### Supplied material
☆ ☆ ☆ ☆ ☆ ☆ ☆

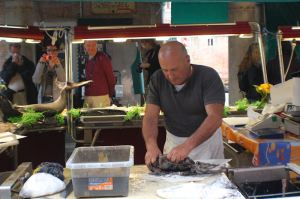 These pictures show the fish market in Venice. Now, we have fresh markets in Virginia and Vermont as well, but typically they are a one day a week affair, where we gather a few vegetables and perhaps some meat, to carry us for a week, while in Venice and other places they are daily markets, and each day people gather their food for the night ahead. There IS a difference and even this long time junk food junkie has to admit, the difference is a marvelous thing.
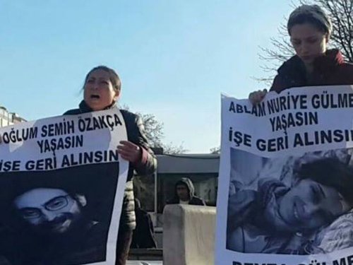Sultan Özakça ve Beyza Gülmen yaptıkları konuşmalarda, Nuriye ve Semih’in açlık grevlerinin 300. gününde olduklarını belirterek OHAL İnceleme Komisyonu’nun bir an önce onları işe iade etmesini istediler. Nuriye ve Semih için Bekir Bozdağ’ın söylediği “15 gün içinde dosyaları incelenecek” sözünü hatırlatarak, onlar “ölünce mi dosyaları incelenecek” dediler.
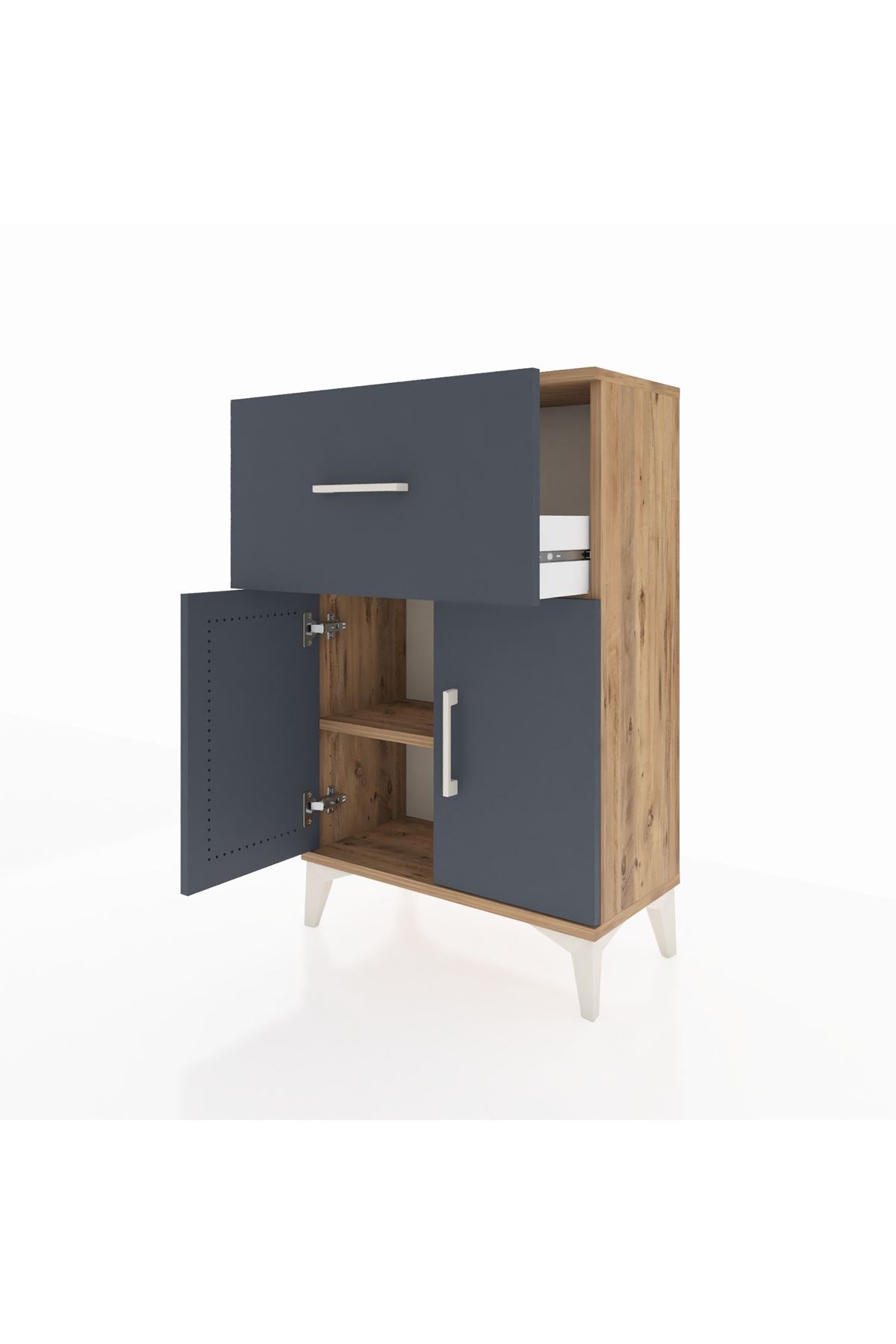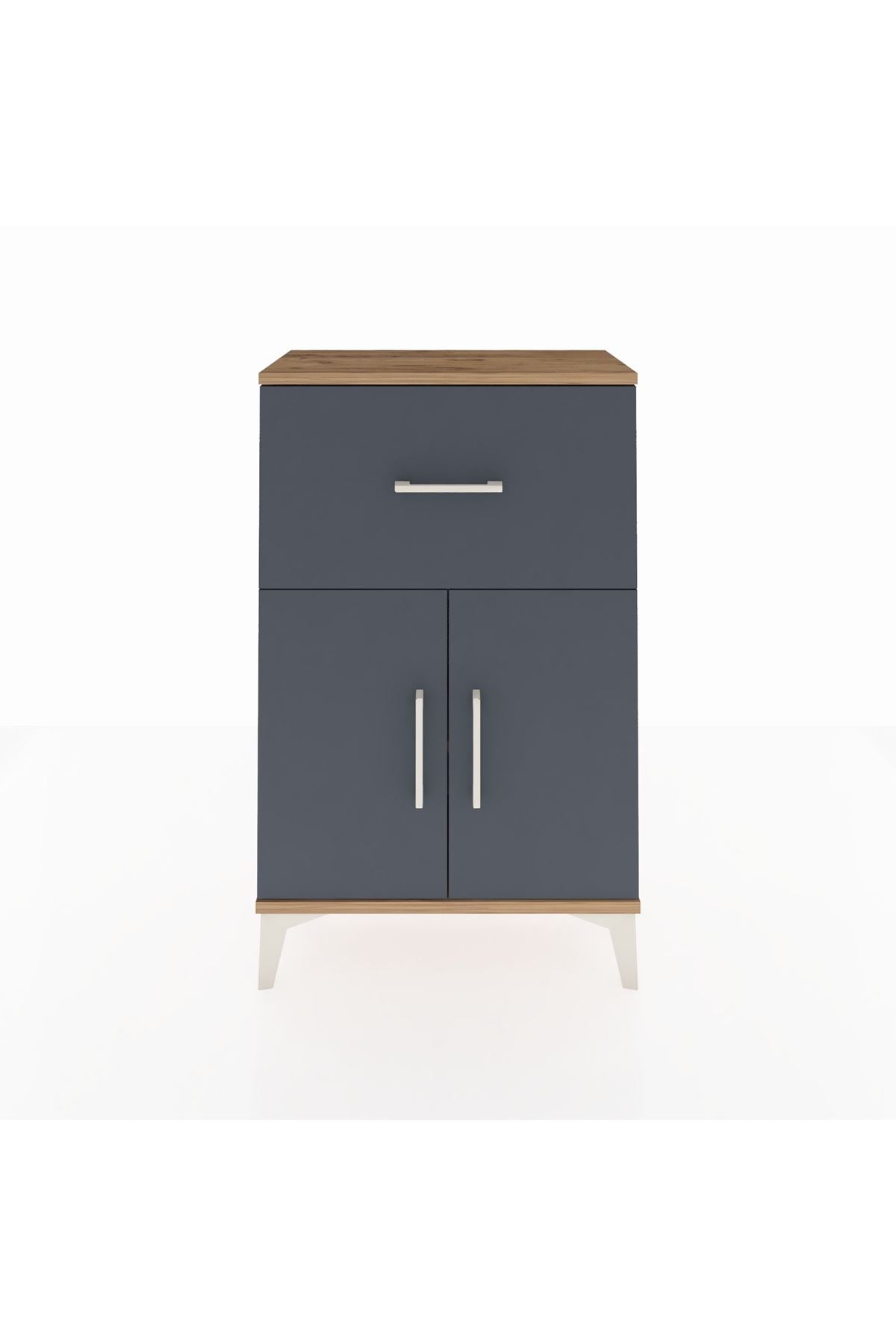 Arges Komodin Tek Raflı Tek Çekmeceli 2 Kapaklı 60x30x96 Çam-Antrasit

☆ ☆ ☆ ☆ ☆ ☆ ☆

### Work task
Set down all of the data word for word; no pictures belong in it.

### Solution for this exercise
 These pictures show the fish market in Venice. Now, we have fresh markets in Virginia and Vermont as well, but typically they are a one day a week affair, where we gather a few vegetables and perhaps some meat, to carry us for a week, while in Venice and other places they are daily markets, and each day people gather their food for the night ahead. There IS a difference and even this long time junk food junkie has to admit, the difference is a marvelous thing.
Sultan Özakça ve Beyza Gülmen yaptıkları konuşmalarda, Nuriye ve Semih’in açlık grevlerinin 300. gününde olduklarını belirterek OHAL İnceleme Komisyonu’nun bir an önce onları işe iade etmesini istediler. Nuriye ve Semih için Bekir Bozdağ’ın söylediği “15 gün içinde dosyaları incelenecek” sözünü hatırlatarak, onlar “ölünce mi dosyaları incelenecek” dediler.
 Arges Komodin Tek Raflı Tek Çekmeceli 2 Kapaklı 60x30x96 Çam-Antrasit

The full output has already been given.